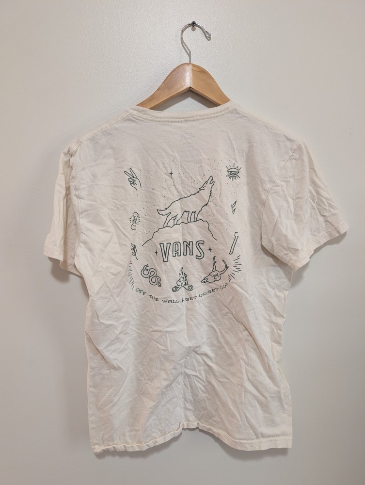 The VANS Men's T-Shirt in size medium is a stylish and versatile addition to any man's wardrobe. This short sleeve shirt features a graphic print design in off white with the iconic VANS logo as accents. Made from comfortable cotton knit fabric, it is machine washable for easy care. Perfect for all seasons, this beige t-shirt is suitable for summer, fall, and spring, making it a must-have for any man looking to add a trendy and casual option to their clothing collection.
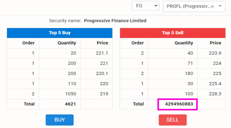 सोमबार (१२ः५० बजेसम्म)नेप्सेको टीएमएसमा प्रोग्रेसिभ फानान्सको नेप्सेमा सूचीकृत भएको सेयर संख्याभन्दा १० गुणा बढी सेयर विक्रीमा देखाएको हो ।
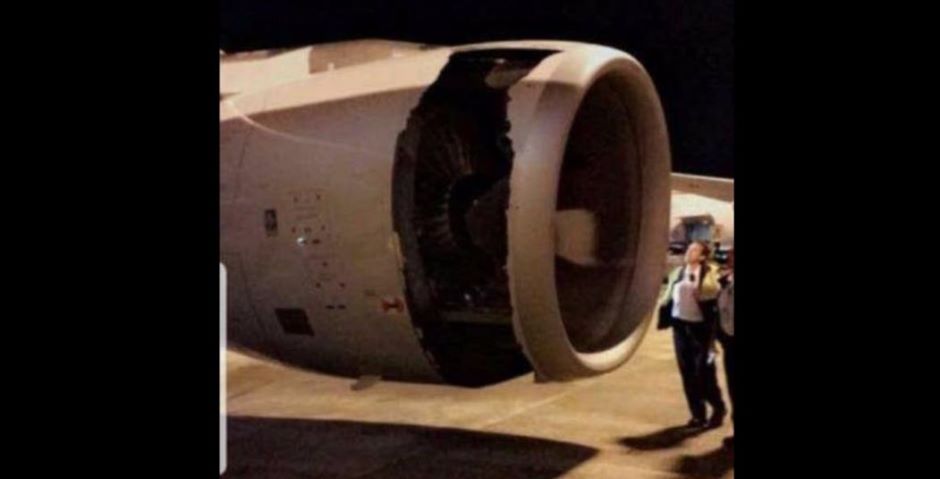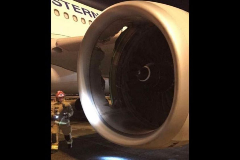 Beberapa foto yang disiarkan portal Mail Online menunjukkan, lubang besar terbentuk pada bingkai enjin pesawat jenis Airbus A330 yang berlepas pukul 8.30 malam Ahad.
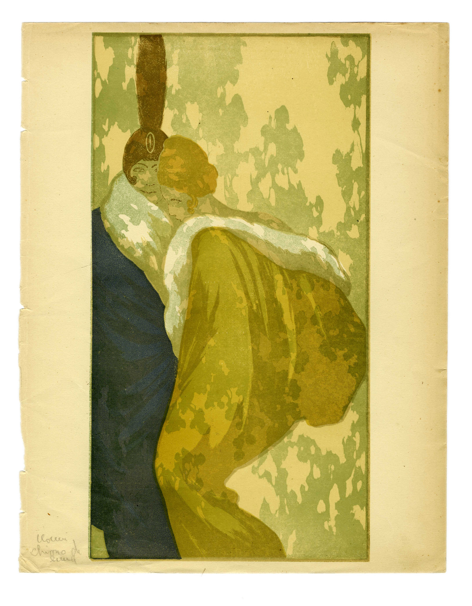 2) I fidanzati. 1925. Xilografia su carta vergellata. mm 120x75. Foglio: mm 300x240.
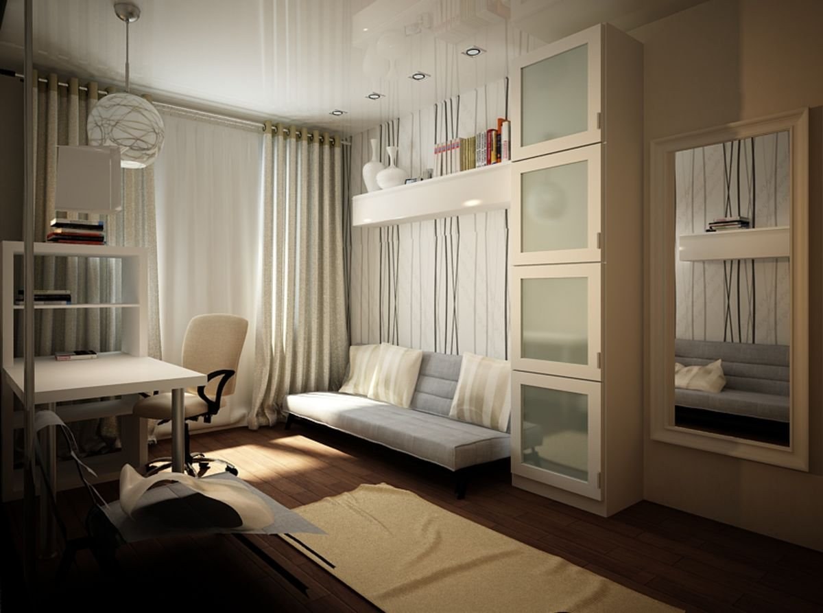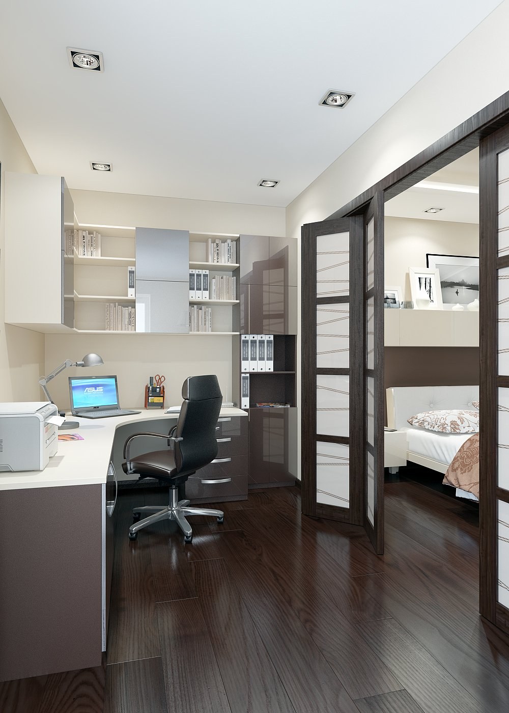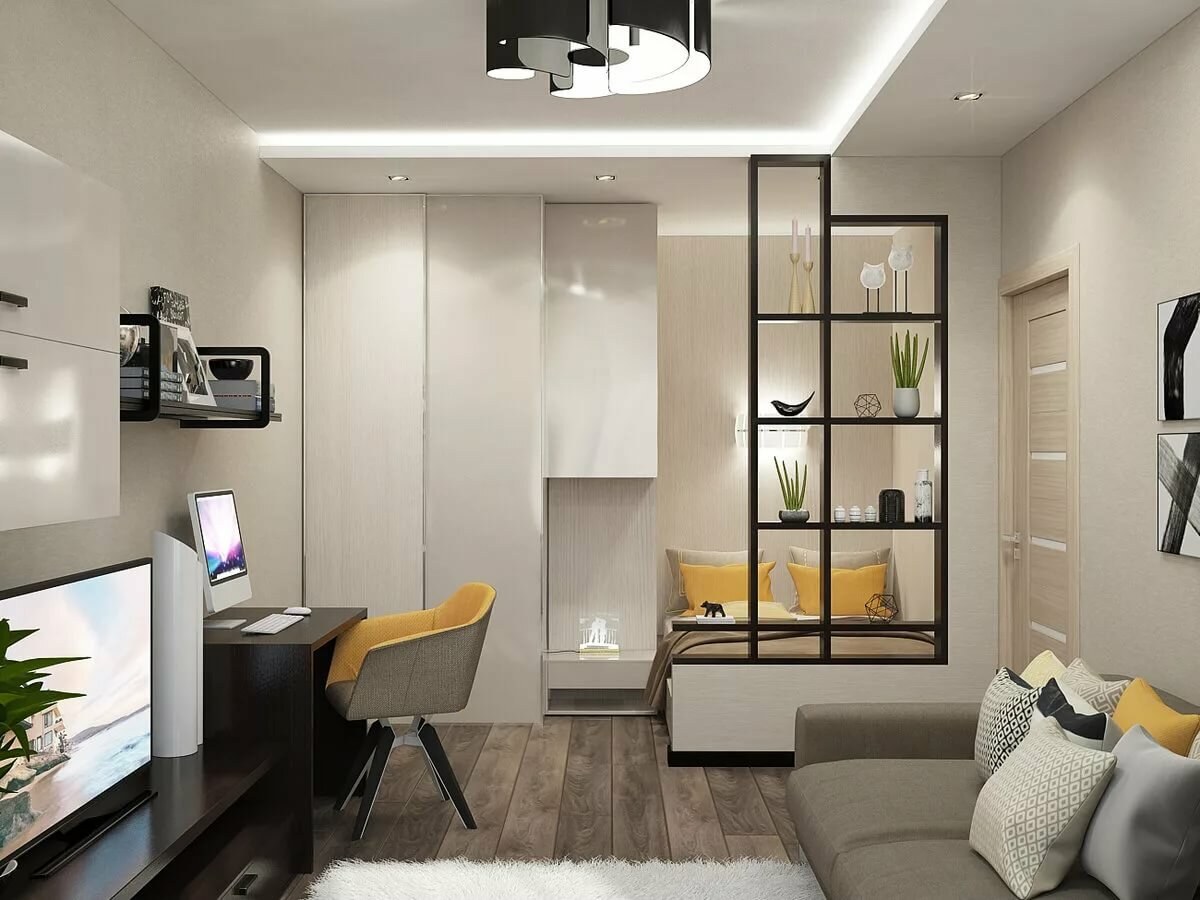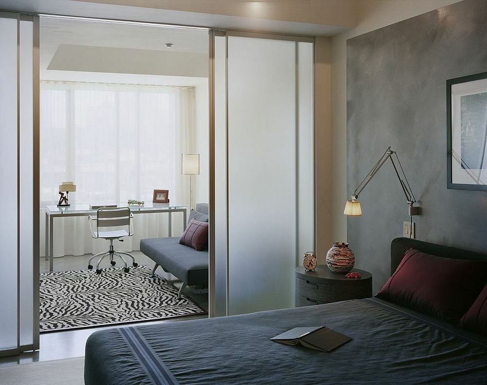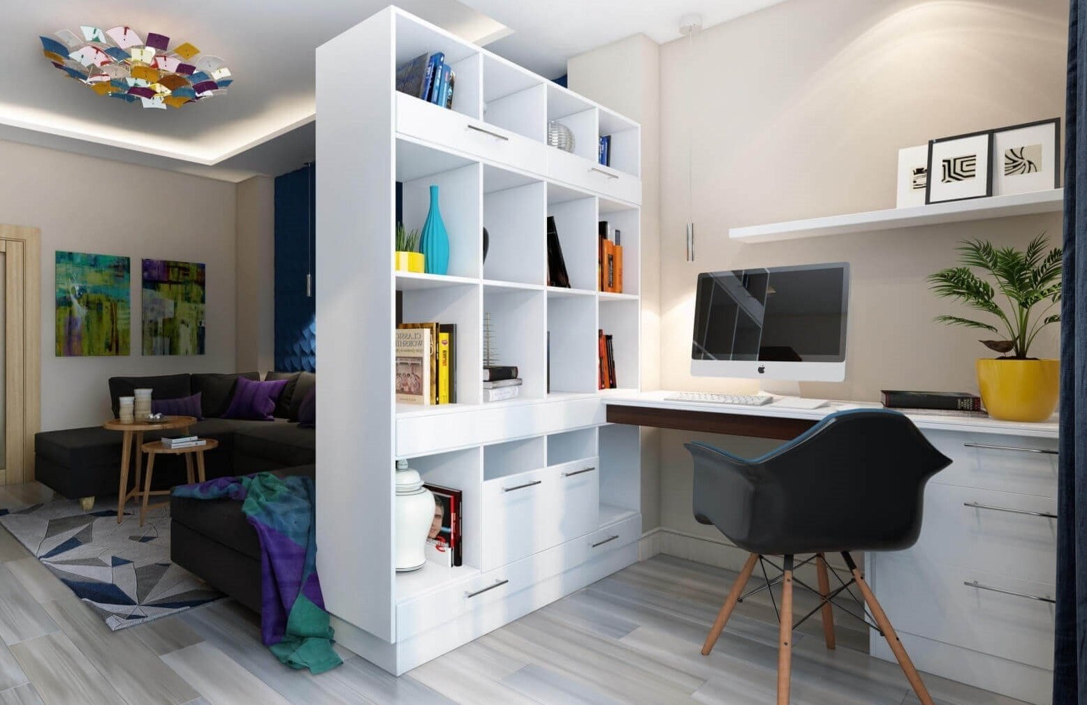 Спальня с кабинетом в одной комнате зонирование (98 фото)
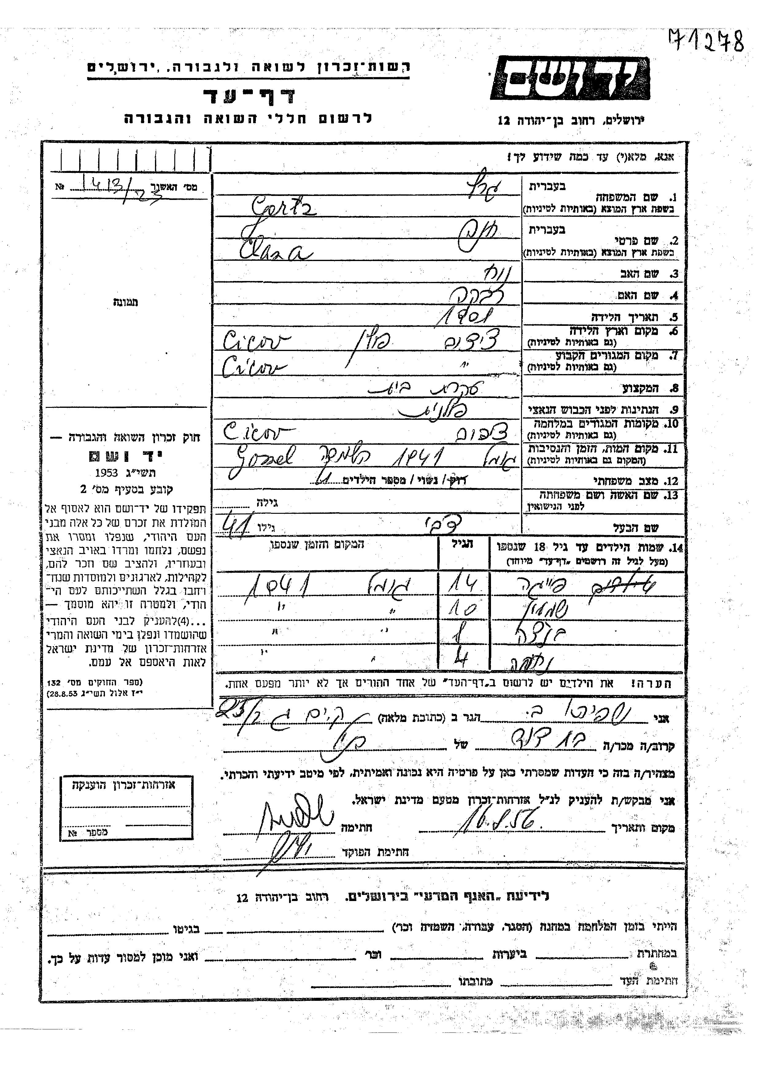 Gertz Benca Cicov, Pologne Feuille de témoignage
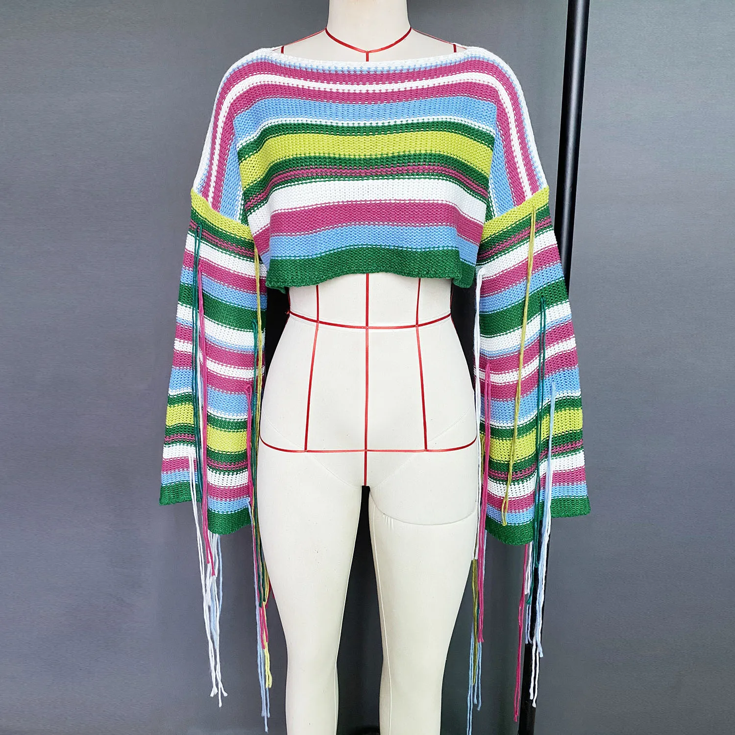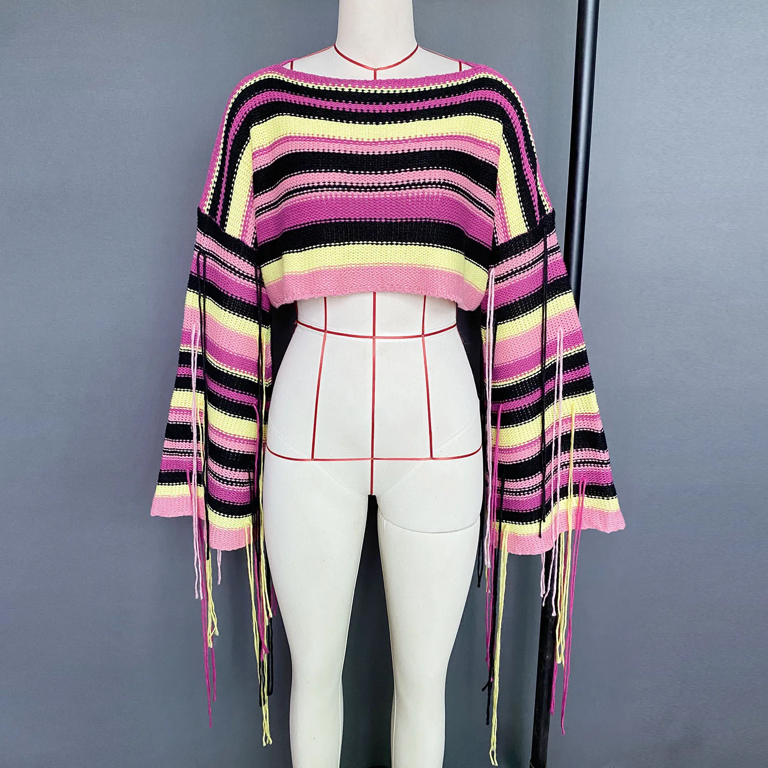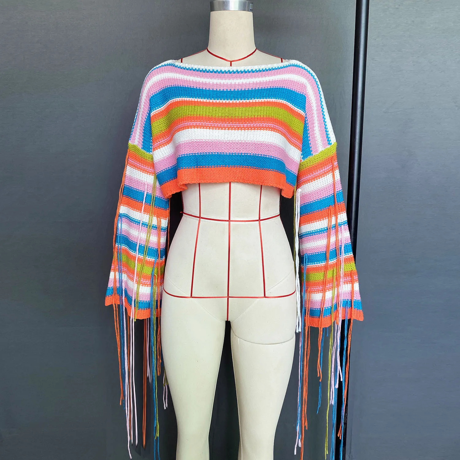 Pull en tricot ample et tendance pour femme, haut à pompons irisés, tendance, automne/hiver 2024
—————
• ABOUT THIS EXERCISE: The whole listing is to be retyped exactly, with its pictures removed.

• EXERCISE SOLUTION:
 The VANS Men's T-Shirt in size medium is a stylish and versatile addition to any man's wardrobe. This short sleeve shirt features a graphic print design in off white with the iconic VANS logo as accents. Made from comfortable cotton knit fabric, it is machine washable for easy care. Perfect for all seasons, this beige t-shirt is suitable for summer, fall, and spring, making it a must-have for any man looking to add a trendy and casual option to their clothing collection.
 सोमबार (१२ः५० बजेसम्म)नेप्सेको टीएमएसमा प्रोग्रेसिभ फानान्सको नेप्सेमा सूचीकृत भएको सेयर संख्याभन्दा १० गुणा बढी सेयर विक्रीमा देखाएको हो ।
 Beberapa foto yang disiarkan portal Mail Online menunjukkan, lubang besar terbentuk pada bingkai enjin pesawat jenis Airbus A330 yang berlepas pukul 8.30 malam Ahad.
 2) I fidanzati. 1925. Xilografia su carta vergellata. mm 120x75. Foglio: mm 300x240.
 Спальня с кабинетом в одной комнате зонирование (98 фото)
 Gertz Benca Cicov, Pologne Feuille de témoignage
 Pull en tricot ample et tendance pour femme, haut à pompons irisés, tendance, automne/hiver 2024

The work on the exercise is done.